Faudrait-il que j'y place quelques choses pour que le mount "defaults" utilisent les bonnes options ? Et comment connaitre précisément les options de montages utilisée (qui se cache derrière "defaults" ?????

Merci d'avance   :Cool: 

----------

## titoucha

Je peux te confirmer que j'ai l'option extent quand à savoir pourquoi je l'ai et pas toi mystère.

J'utilise aussi default comme option de montage dans mon fstab.

----------

## loopx

 *titoucha wrote:*   

> Je peux te confirmer que j'ai l'option extent quand à savoir pourquoi je l'ai et pas toi mystère.
> 
> J'utilise aussi default comme option de montage dans mon fstab.

 

Voilà qui est très embêtant ...

----------

## El_Goretto

Je vais peut être dire une connerie (il est tard), mais je n'arrive pas à remettre la main dessus: il me semblait que toutes les nouvelles fonctionnalités étaient maintenant activées d'office, lorsqu'on faisait un mkfs.ext4 (cad pas une migration d'un ext3 via tun2fs).

Et que le mount aussi activait des options bien par défaut: 

 *http://www.ibm.com/developerworks/linux/library/l-ext4/ wrote:*   

> Be aware that the default mount options enable extents, which renders the file system unusable as an ext3 file system.

 

----------

## titoucha

Tu dois avoir raison car j'ai formaté et monté les disques avec les options par défaut et tout fonctionne.

----------

## loopx

 *titoucha wrote:*   

> Tu dois avoir raison car j'ai formaté et monté les disques avec les options par défaut et tout fonctionne.

 

Eh, moi aussi j'ai utilisé mkfs.ext4  :Sad:     pourtant, je vois pas ca dans les options de mount ...

----------

## loopx

Bon, après des recherches partout sur le google, .. j'en conclu que si on fait un "mkfs.ext4", alors les options sont activées comme il faut ... et puis c'est tout !

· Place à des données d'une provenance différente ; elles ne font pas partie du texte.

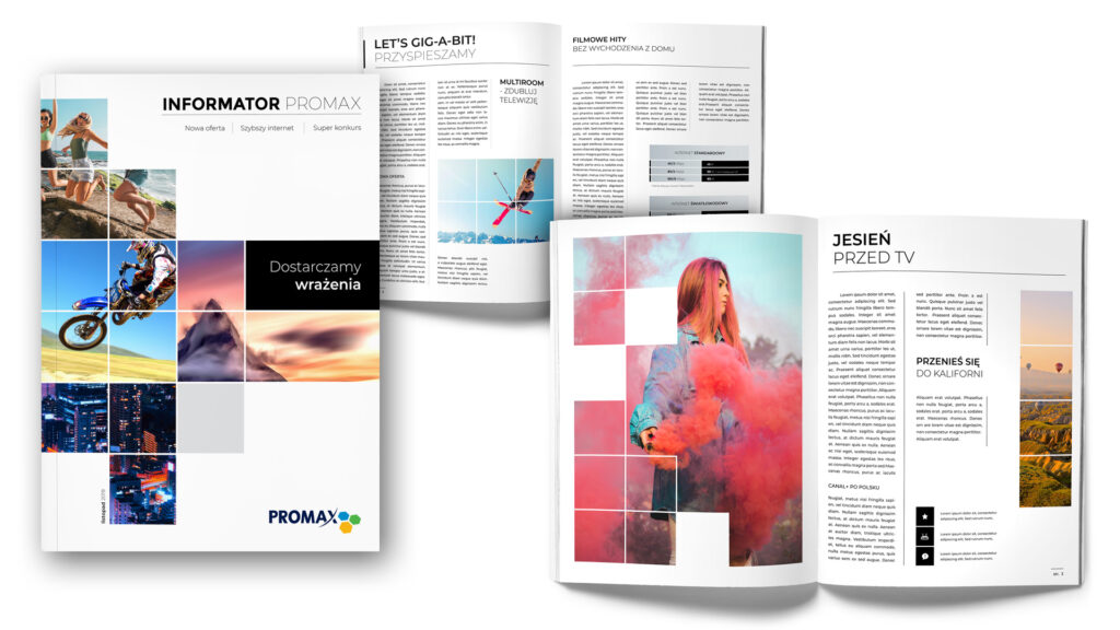 Layout dla branżowego magazynu dla dostawcy internetu światłowodowego i telewizji Promax. Założeniem projektowym dla opracowania layout’u było odtworzenie efektu dostępu do treści różnego rodzaju. Zastosowany został efekt kwadratowych okienek przez które w „podglądać” można różnego rodzaju przestrzenie wizualne, w domyśle różne kanały telewizyjne.
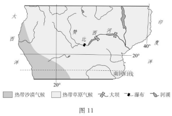 赞比西河是世界水能最丰富的河流之一。图11为非洲局部图。读图,完成23~25题。
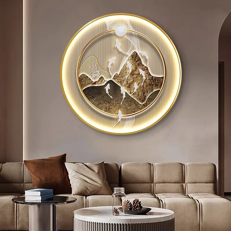 2023墙壁画客厅挂画圆形玄关装饰画背有靠山客厅灯画入户走廊过道
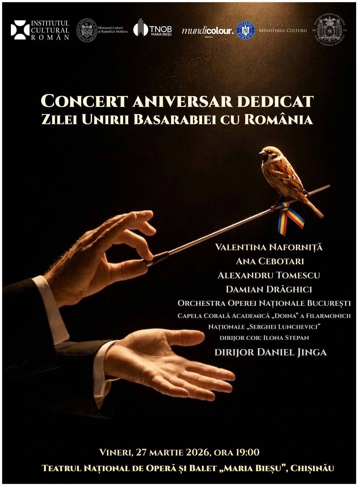 Opera de la București vine la Chișinău pe 27 martie, de Ziua Unirii Basarabiei cu România. Concertul este organizat Institutul Cultural Român, în parteneriat cu Ministerul Culturii din Republica Moldova.
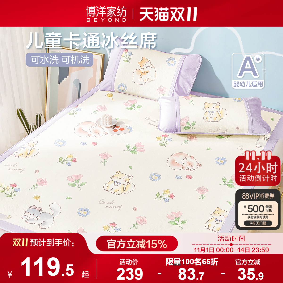 聚划算:博洋儿童凉感冰丝凉席夏季三件套可机洗女孩卡通床笠款软席子1.5
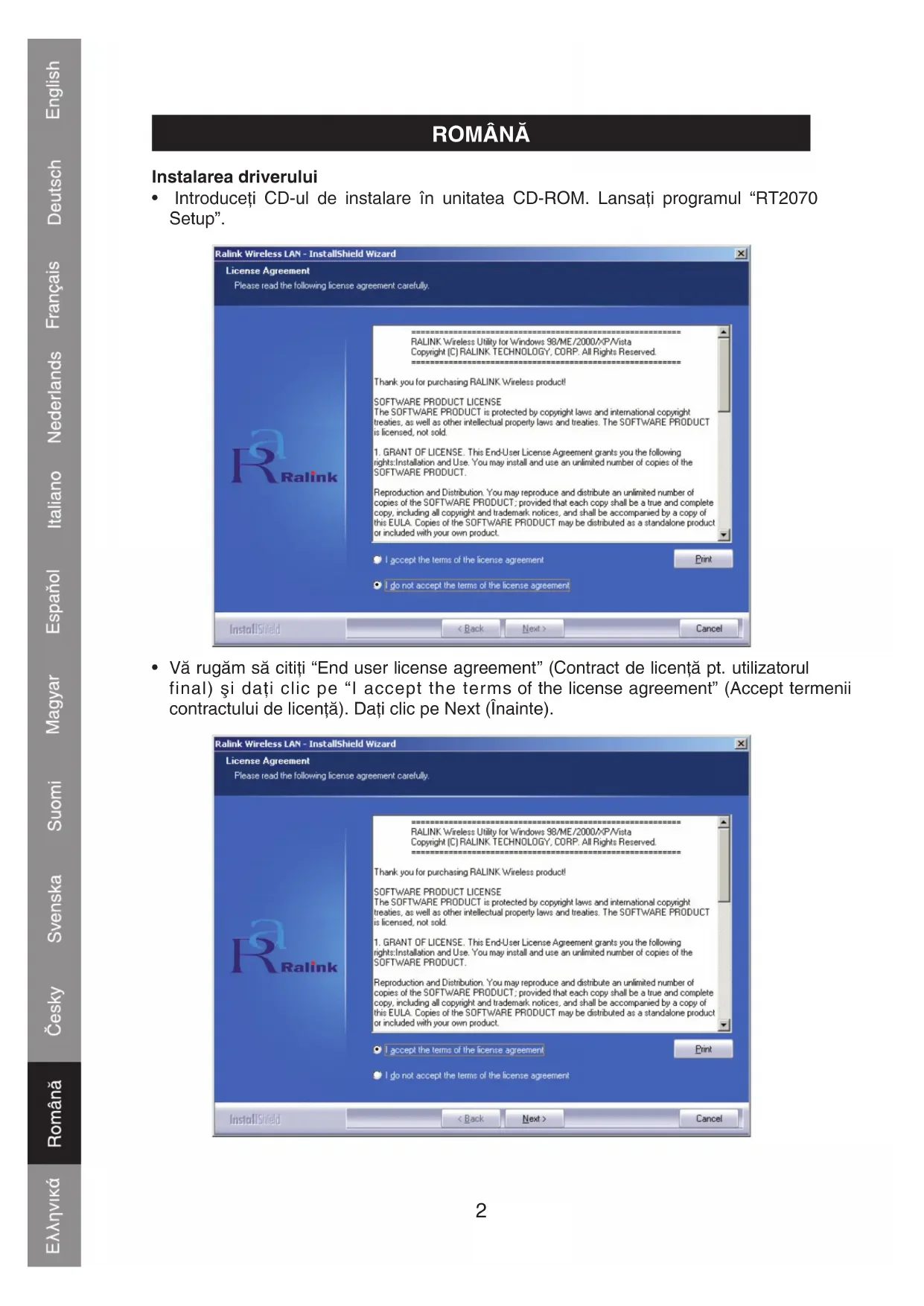 - Introduci CD-ul de instalare in unitatea CD-ROM. Lansa programul "RT2070 Setup".
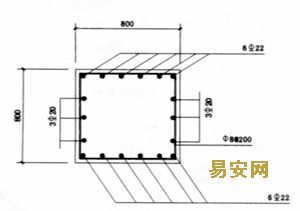 4.1.3支撐梁斷面采用700×800、800×800,梁底標高-5.05m,梁頂標高-4.250m,配筋為12ф22+6ф20,

Donc, pour les options de mon /, ca doit pas être bien grave, ca doit surtout être des options "en plus" qui viennent ... je sais pas d'ou. note que ma partition / ext4 contient /boot ... alors qu'il est dit partout que grub ne supporte pas l'ext4. Pourtant, ca boot, la preuve   :Laughing: 

Donc, j'en conclu que tout est bien qui fini bien ... Je ne devrais pas m'inquiéter autant  :Smile: 

----------

## titoucha

Je viens de relire ton premier message et j'ai constaté que tu avais l'option extent  *Quote:*   

> Filesystem features:      has_journal ext_attr resize_inode dir_index filetype needs_recovery extent flex_bg sparse_super large_file huge_file uninit_bg dir_nlink

 

----------

## loopx

 *titoucha wrote:*   

> Je viens de relire ton premier message et j'ai constaté que tu avais l'option extent  *Quote:*   Filesystem features:      has_journal ext_attr resize_inode dir_index filetype needs_recovery extent flex_bg sparse_super large_file huge_file uninit_bg dir_nlink 

 

Oui, ca je sais, mais moi je voulais savoir si cette option était bien activé avec les mounts que j'ai ...   Aucun moyen de vraiment le savoir, aucune commande ne le précise clairement ...

----------